KOLHAPUR: The heated campaign for the Pandharpur-Mangalwedha assembly bypoll ended on Thursday with flagrant violation of Covid-19 rules with masks not worn, social distance not maintained and far more than 200 people gathering at various spots.
In public meetings of both major parties, the attendance was in the thousands. Recently the district administration registered a case against the organisers of both
NCP and
BJP rallies for violation of Covid-19 norms.
Solapur district collector Milind Shambharkar had issued orders stating prohibitory rules introduced this week in the state would not be applicable for the poll campaigning and had allowed campaign rallies and meetings with not more than 200 attendees.
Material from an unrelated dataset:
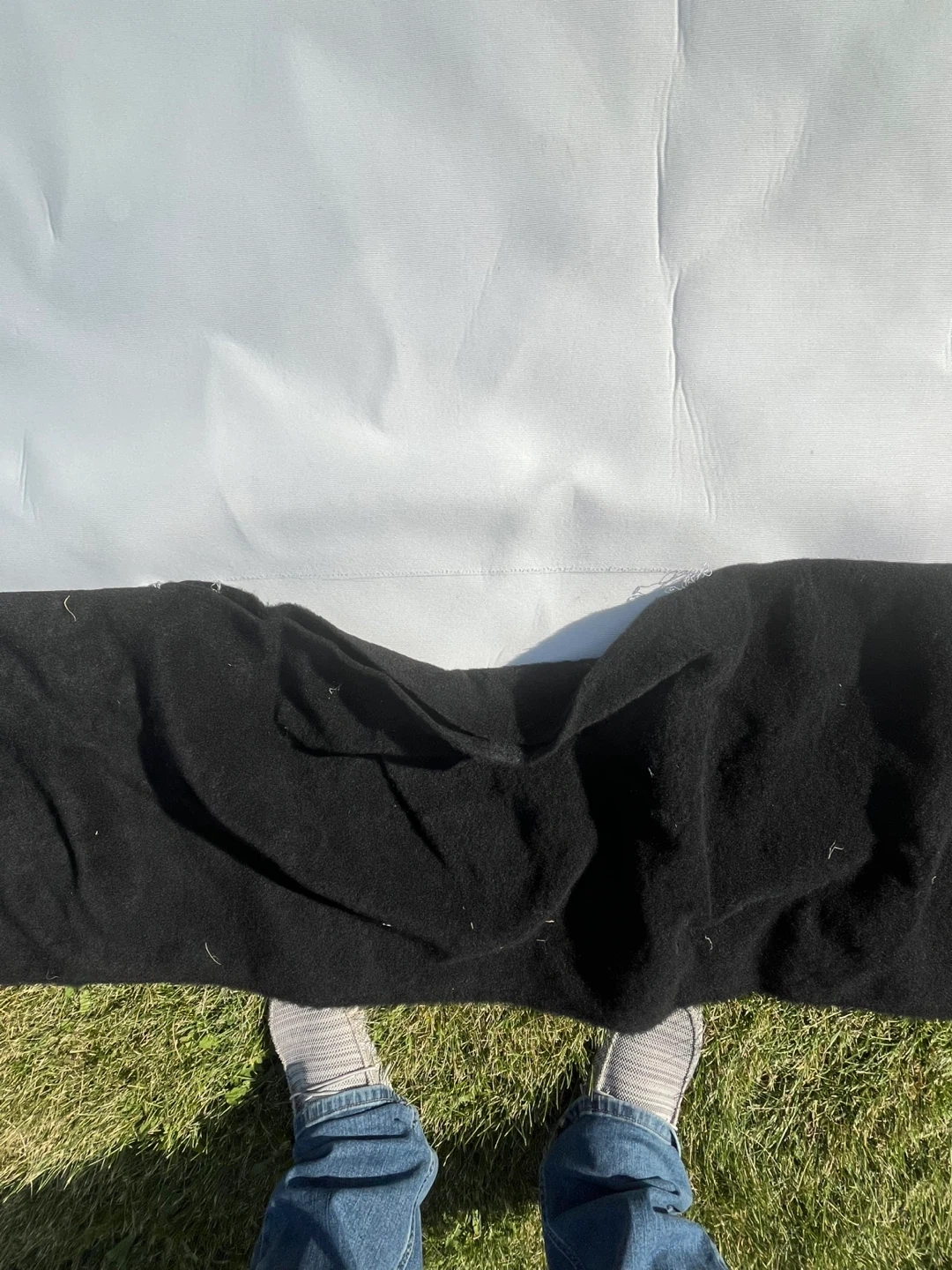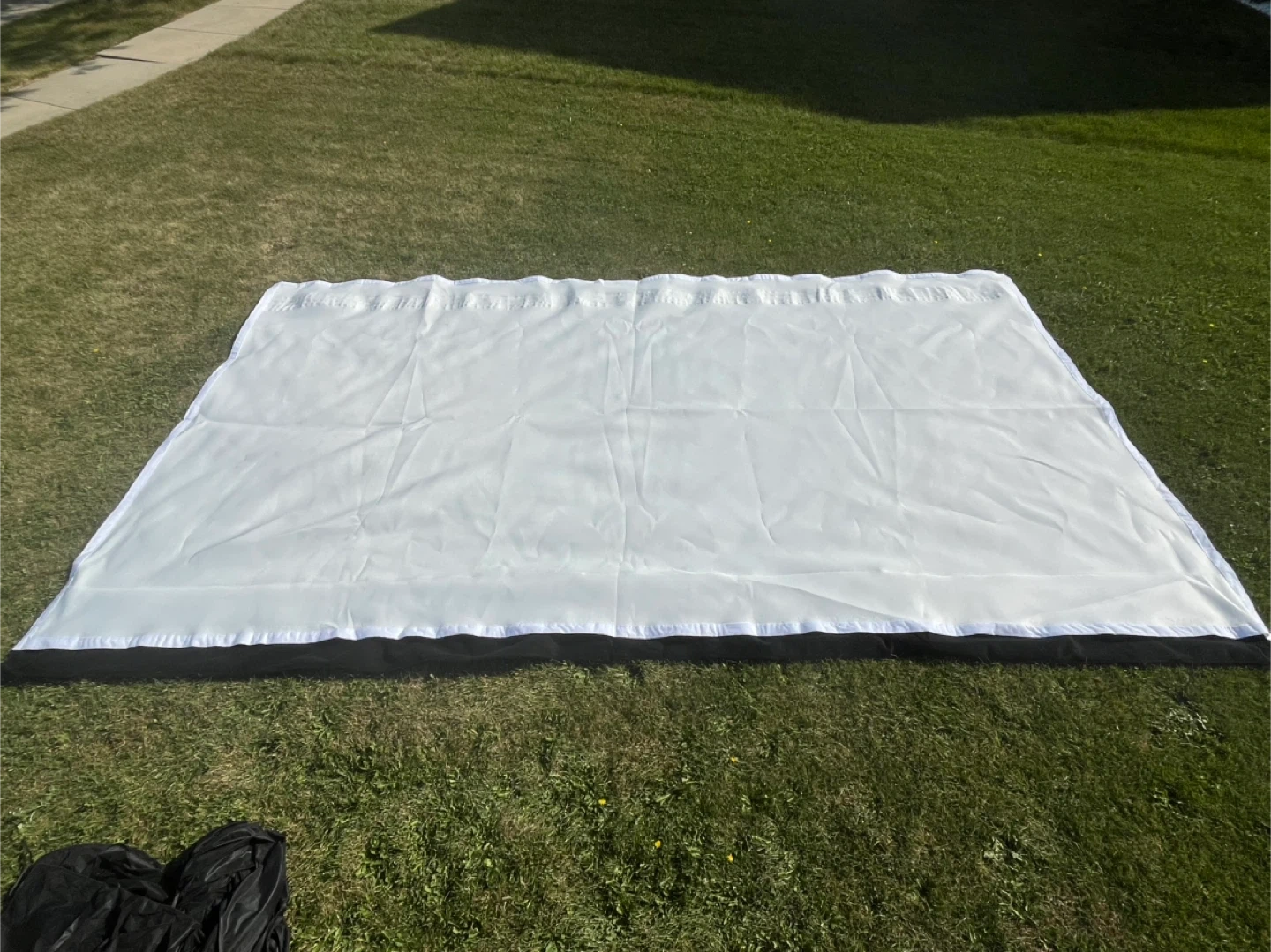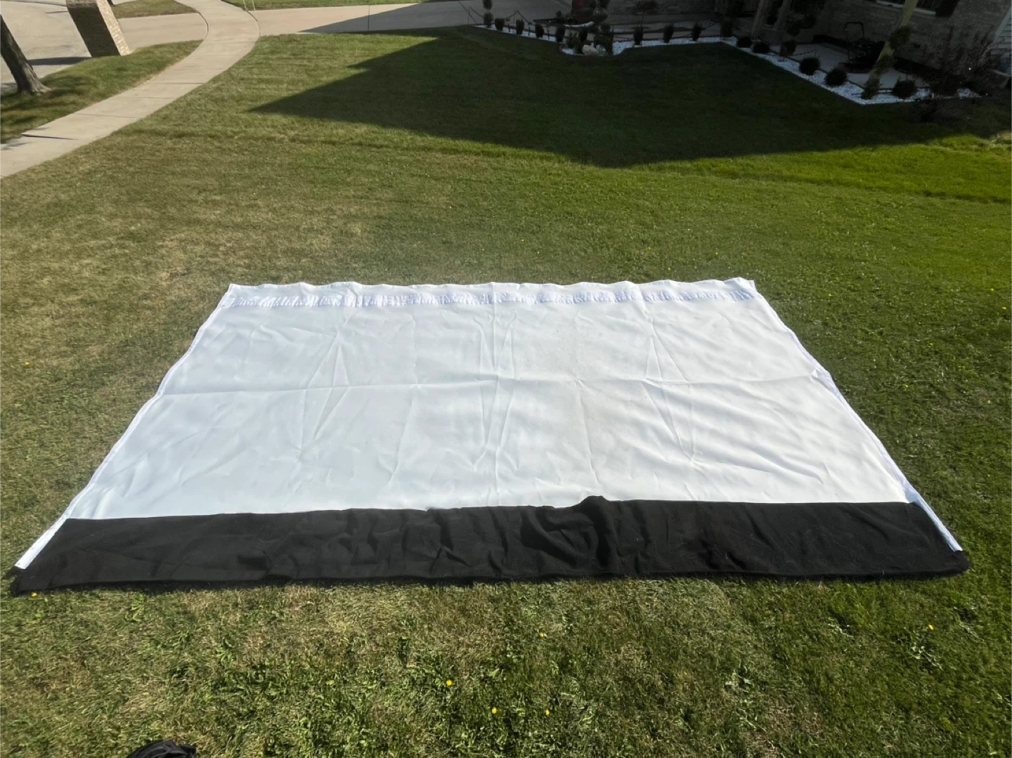 This was used as a golf simulator screen but could be used as a movie theater screen. Since it was used as a golf simulator screen, there are some marks on the screen from its use. The black boarder on the bottom is sewn on and the sewing is coming apart and is about 12” and is pictured. The screen is approximately 8’ tall and 17’ wide. It was held up through velcro but it comes with some drop ceiling hangers (pictures and approximately 12) along with a bunch of small bungee cords (approximately 50-60). I was going to get some grommets to use the bungee cords to attached to a pvc frame and use it for an outdoor movie theater. I’m no longer doing that and getting rid of the screen. If you are interested, please let me know.

At the start of the campaign around 10 days ago, the contest looked easy for the NCP, which has fielded Bhagirath Bhalake, son of Bharat Bhalake, whose death necessitated the by-election.
The BJP deployed top guns like the leader of the opposition in the assembly Devendra
Fadnavis and party state unit president Chandrakant
Patil for the campaign for its candidate, Samadhan Autade. While Fadnavis addressed six rallies in a day, Patil was seen on the ground till the last day of campaigning.
This is the first assembly by-election challenge for the Maha Vikas Aghadi (MVA). On the last day of campaigning,
Congress state unit president Nana Patole addressed a rally at Pandharpur while district guardian minister Dattatray Bharane held small meetings in Mangalwedha villages.
Chief minister Uddhav Thackeray, in his address recently, had exempted the constituency from curfew orders.
There are 19 candidates in the contest for the assembly by-election.
Voting will be held on Saturday and counting, on May 2.
The MVA made emotional appeals to citizens to vote for Bhalake while the BJP slammed the MVA government over the corruption controversies around former home minister Anil Deshmukh of the NCP and the handling of the Covid-19 pandemic.
The BJP also raked up local issues such as "denial" of dam water to Pandharpur-Mangalwedha by "MVA politicians". It brought up the repeated temple shutdowns under the MVA government.